→ PROBLEM REQUIREMENTS: Leaving out the images, please output every entry exactly as it appears.

(Records from a data source)
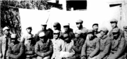 1940年,鲁西东平县张博士集一一五师教导第三旅政工会议后合影。前排左一范阳春(组织部部长)、左二邱如发(八团政治处主任)、左三刘汉(九团政委)、左四钟学林(七团政治处主任)、左五石新安(一分区政委)、左六肖华(鲁西军区司令员兼政委)、左七王辉球(军区政治部副主任)、左八郭华(九团政治处主任)、左九李仕才(八团政委),后排右二曾思玉(军区政治部主任)、右三姜思毅(宣传部部长)、右七杨俊生(七团政委)
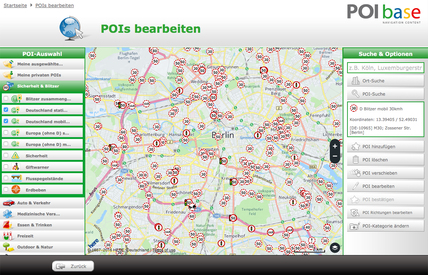 Use the free POIbase software for Windows to add speed cams and other POIs to almost any mobile navigation device and built-in system from practically every manufacturer in just a few steps. Using an interactive map, own POIs can be created, edited and shared with the POI community.
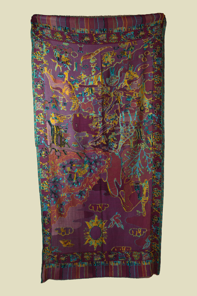 Made of soft natural wool, it features a vivid double-sided print inspired by mythology and nature — peacocks, elephants, flowers, suns, and birds come alive through saturated hues of turquoise, magenta, gold and teal.
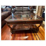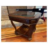Lot #203 - Vintage Side Table - Glass Top, Wooden Base
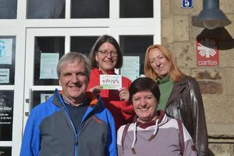 (Von links) Wilfried Braun, Nicole Piclum, Michaela Braun und Ute Retterath tauschten sich über das Caritas-Lernpatenprojekt aus. Sie fanden, dass es weitere Mitstreiter braucht, die Kinder im ersten Schuljahr begleiten.
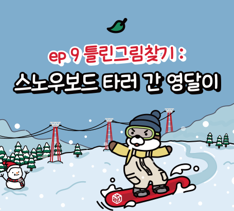 #연재카툰 #봄내를나누다 낭만수달 영달이 ep.9 틀린그림찾기 : 스노우보드 타러 간 영달이 보러가기
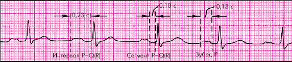 3. Длительность сегмента Р–Q(R) не больше 0,10 с.
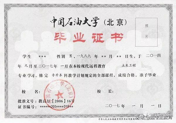 毕业证书:修满教学计划规定的必修课程,并且总学分不低于80学分,学习时间不少于两年半,通过教育部组织的公共基础课统一考试。毕业鉴定合格,由中国石油大学(北京)颁发毕业证书(国家承认学历),标注“现代远程教育”字样,并报教育部电子注册。
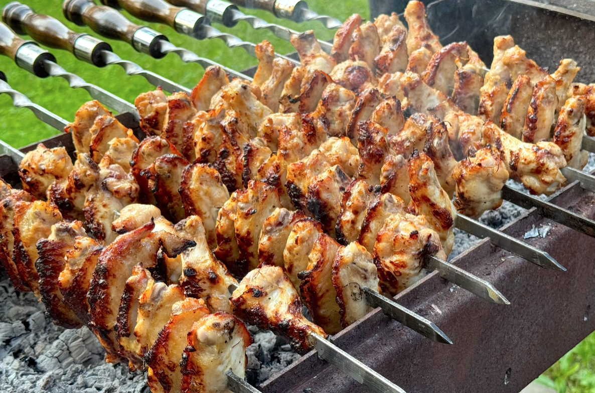 В этом году мы у мангала появляемся всё реже: лето нас «балует» жарой под +30°C — и стоять у огня при такой температуре как-то совсем не хочется. Но это был выходной, и у нас был повод собраться всей семьёй. К восьми вечера, когда зной немного спадает, мы всё же вышли на улицу, чтобы пожарить что-нибудь вкусное.
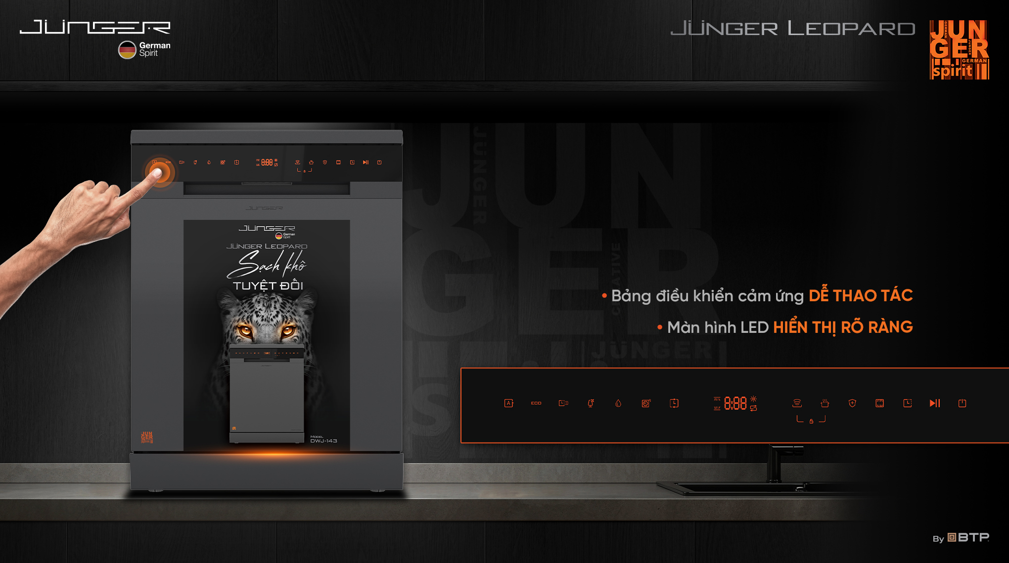 Không chỉ kế thừa tinh hoa của những dòng máy rửa bát truyền thống, Junger Leopard DWJ-143 “Sạch khô tuyệt đối” cải tiến mạnh mẽ bằng việc ứng dụng công nghệ hiện đại như ghi nhớ chương trình khi mất điện, báo hết muối và chất trợ rửa, chống tràn rò rỉ nước, khóa trẻ em bảo vệ an toàn,… hứa hẹn trở thành người trợ lý tuyệt vời cho căn bếp của bạn.

→ ANSWER TO THIS TASK:
 1940年,鲁西东平县张博士集一一五师教导第三旅政工会议后合影。前排左一范阳春(组织部部长)、左二邱如发(八团政治处主任)、左三刘汉(九团政委)、左四钟学林(七团政治处主任)、左五石新安(一分区政委)、左六肖华(鲁西军区司令员兼政委)、左七王辉球(军区政治部副主任)、左八郭华(九团政治处主任)、左九李仕才(八团政委),后排右二曾思玉(军区政治部主任)、右三姜思毅(宣传部部长)、右七杨俊生(七团政委)
 Use the free POIbase software for Windows to add speed cams and other POIs to almost any mobile navigation device and built-in system from practically every manufacturer in just a few steps. Using an interactive map, own POIs can be created, edited and shared with the POI community.
 Made of soft natural wool, it features a vivid double-sided print inspired by mythology and nature — peacocks, elephants, flowers, suns, and birds come alive through saturated hues of turquoise, magenta, gold and teal.
Lot #203 - Vintage Side Table - Glass Top, Wooden Base
 (Von links) Wilfried Braun, Nicole Piclum, Michaela Braun und Ute Retterath tauschten sich über das Caritas-Lernpatenprojekt aus. Sie fanden, dass es weitere Mitstreiter braucht, die Kinder im ersten Schuljahr begleiten.
 #연재카툰 #봄내를나누다 낭만수달 영달이 ep.9 틀린그림찾기 : 스노우보드 타러 간 영달이 보러가기
 3. Длительность сегмента Р–Q(R) не больше 0,10 с.
 毕业证书:修满教学计划规定的必修课程,并且总学分不低于80学分,学习时间不少于两年半,通过教育部组织的公共基础课统一考试。毕业鉴定合格,由中国石油大学(北京)颁发毕业证书(国家承认学历),标注“现代远程教育”字样,并报教育部电子注册。
 В этом году мы у мангала появляемся всё реже: лето нас «балует» жарой под +30°C — и стоять у огня при такой температуре как-то совсем не хочется. Но это был выходной, и у нас был повод собраться всей семьёй. К восьми вечера, когда зной немного спадает, мы всё же вышли на улицу, чтобы пожарить что-нибудь вкусное.
 Không chỉ kế thừa tinh hoa của những dòng máy rửa bát truyền thống, Junger Leopard DWJ-143 “Sạch khô tuyệt đối” cải tiến mạnh mẽ bằng việc ứng dụng công nghệ hiện đại như ghi nhớ chương trình khi mất điện, báo hết muối và chất trợ rửa, chống tràn rò rỉ nước, khóa trẻ em bảo vệ an toàn,… hứa hẹn trở thành người trợ lý tuyệt vời cho căn bếp của bạn.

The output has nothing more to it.